Local mothers and friends Tamara Rubin and Carissa Bonham have done lead testing on hundreds of the fidget spinners, and they told FOX 12 the results they found may surprise parents who have already bought one of the seemingly innocuous toys.
“I tested these not knowing what to expect and found this one to have super high lead and super high mercury, and this one which I expected to tests positive was negative,” Rubin said. “So both have the metallic finish like Mardi Gras beads, and you can’t tell which one’s going to be positive and which one’s going to be negative.”
While the acceptable level lead in toys like this is between 90 and 100 parts per million, Rubin said she found super high levels in the spinners she tested, with one test coming back at 19,000 ppm and another at 37,000 ppm.

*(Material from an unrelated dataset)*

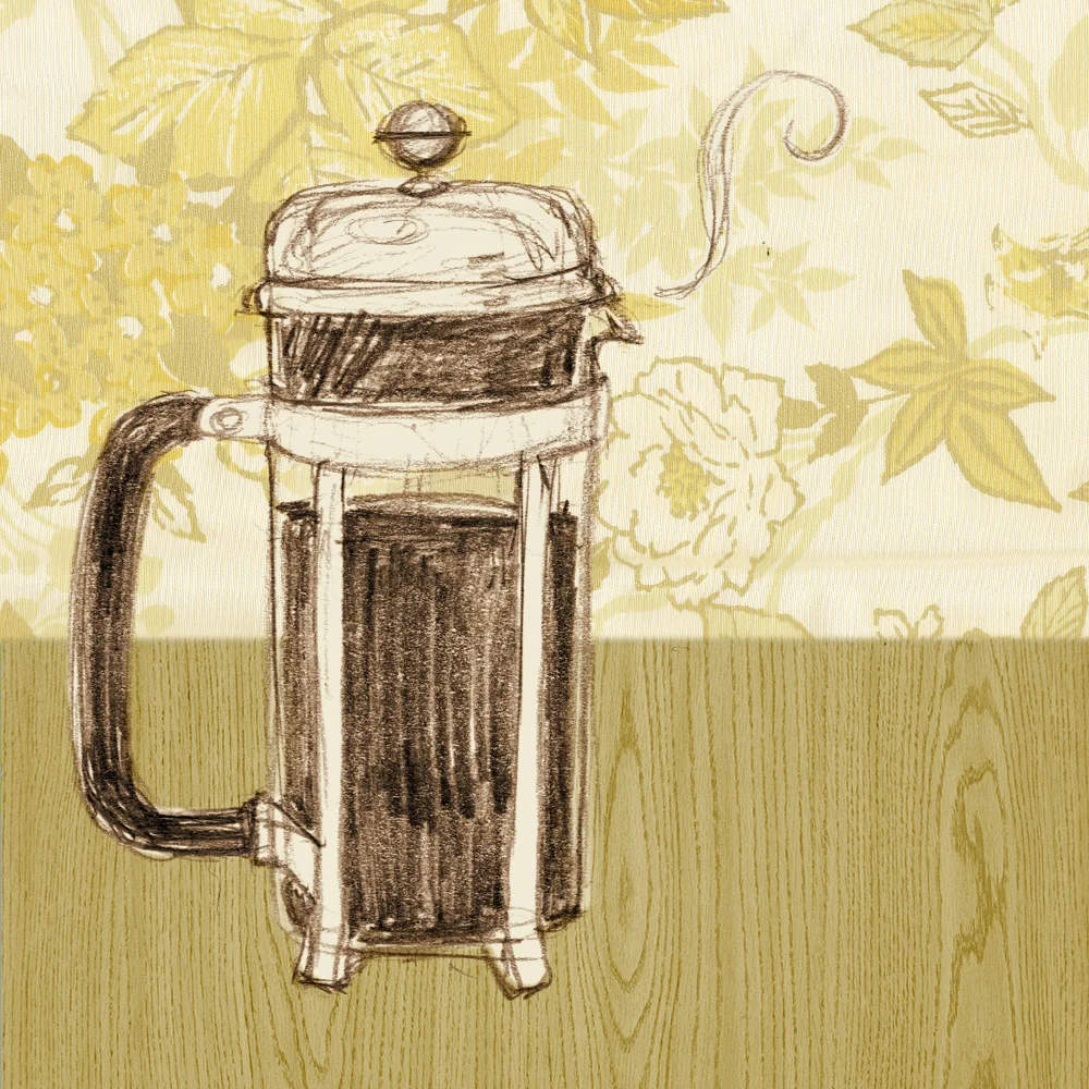 Another in the series of Thankful Drawings, our little french press with hot coffee. I sometimes go to sleep thinking about the coffee I'll get to drink the next morning. My sweet husband (an early bird) gets up first each morning and makes coffee for me, while I (the night owl) slowly drag myself out of bed. So this coffee is a daily reminder of his love for me.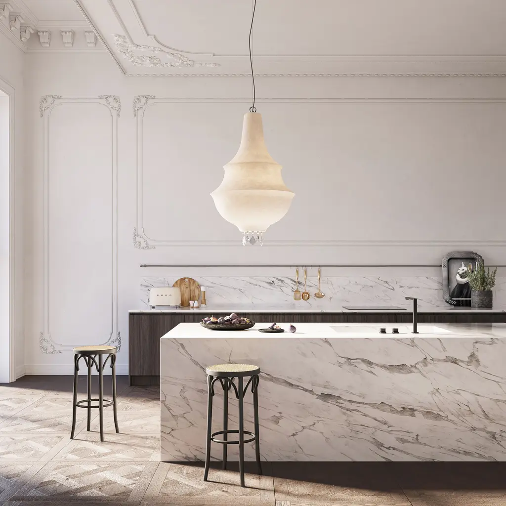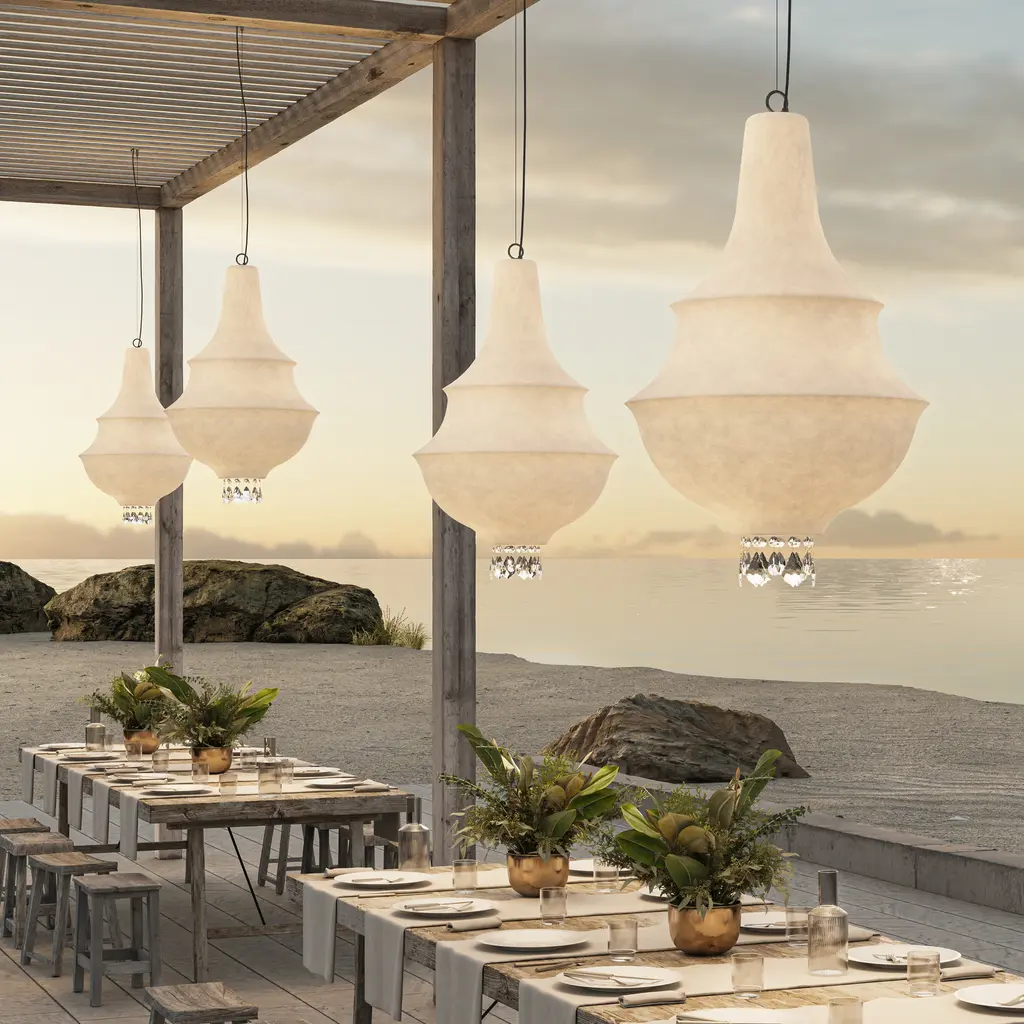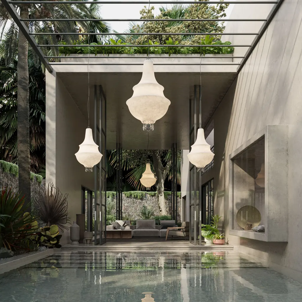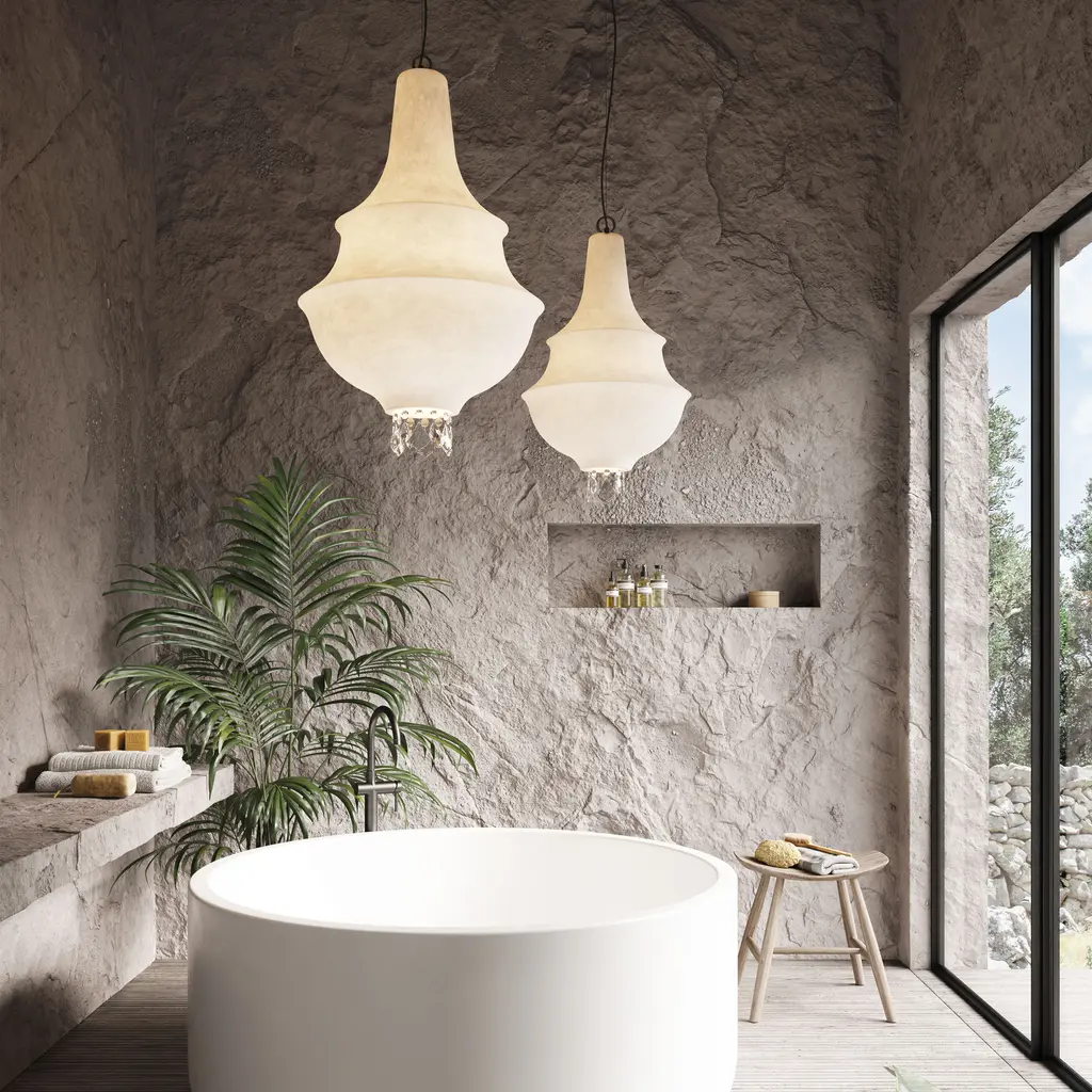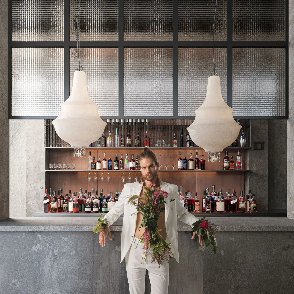 Paying homage to Diana, Princess of Wales, the Lady D lighting collection exudes refinement and sophistication in an elegant and versatile design. Art director and designer Matteo Ugolini has created the series with a stylish silhouette inspired by classic crystal chandeliers. The Lady D Floor Lamp features a white fiberglass diffuser topped with a metal ring that allows you to move the light with ease. Available in both indoor and outdoor versions, and in small and large sizes, this floor lamp provides an inspired solution to transform your home, whether you want to use it in a bedroom, living room, or garden. A suspension lamp version is also available.

Rubin and Bonham have tested many household items for lead over the years and said fidget spinners are only one example of a much larger problem.
Since posting these latest results on her blog, though, Rubin said families from all over the country have sent her fidget spinners.
She tested roughly 200 of them and found 30 percent to 45 percent have high levels of lead. She says the results are especially high in those with led lights, metallic coatings, or metal buttons in the center.
The two women said they are mainly concerned because these toys aren’t being pulled off store shelves, adding that part of the problem comes down to how they’re regulated.
A package that says a fidget spinner is for children 12 or over, for instance, is allowed to have potentially higher levels of lead than something specifically intended for younger children.
Thursday the advocacy organization United States Public Interest Research Group issued a national news release on the issue and called on the Consumer Products Safety Commission to consider a recall on the products.
For parents unable to run their own tests for lead and concerned about the safety of a spinner, Bonham suggests going the DIY route.
“if we’re going to choose safe fidget spinners, I think the safest option is to make one yourself out of materials you can find at home,” she said. “You can find dozens of tutorials on Pinterest.”
On her blog CreativeGreenLiving.com, Bonham even provides instructions on how parents can use Lego bricks to make a safe spinner.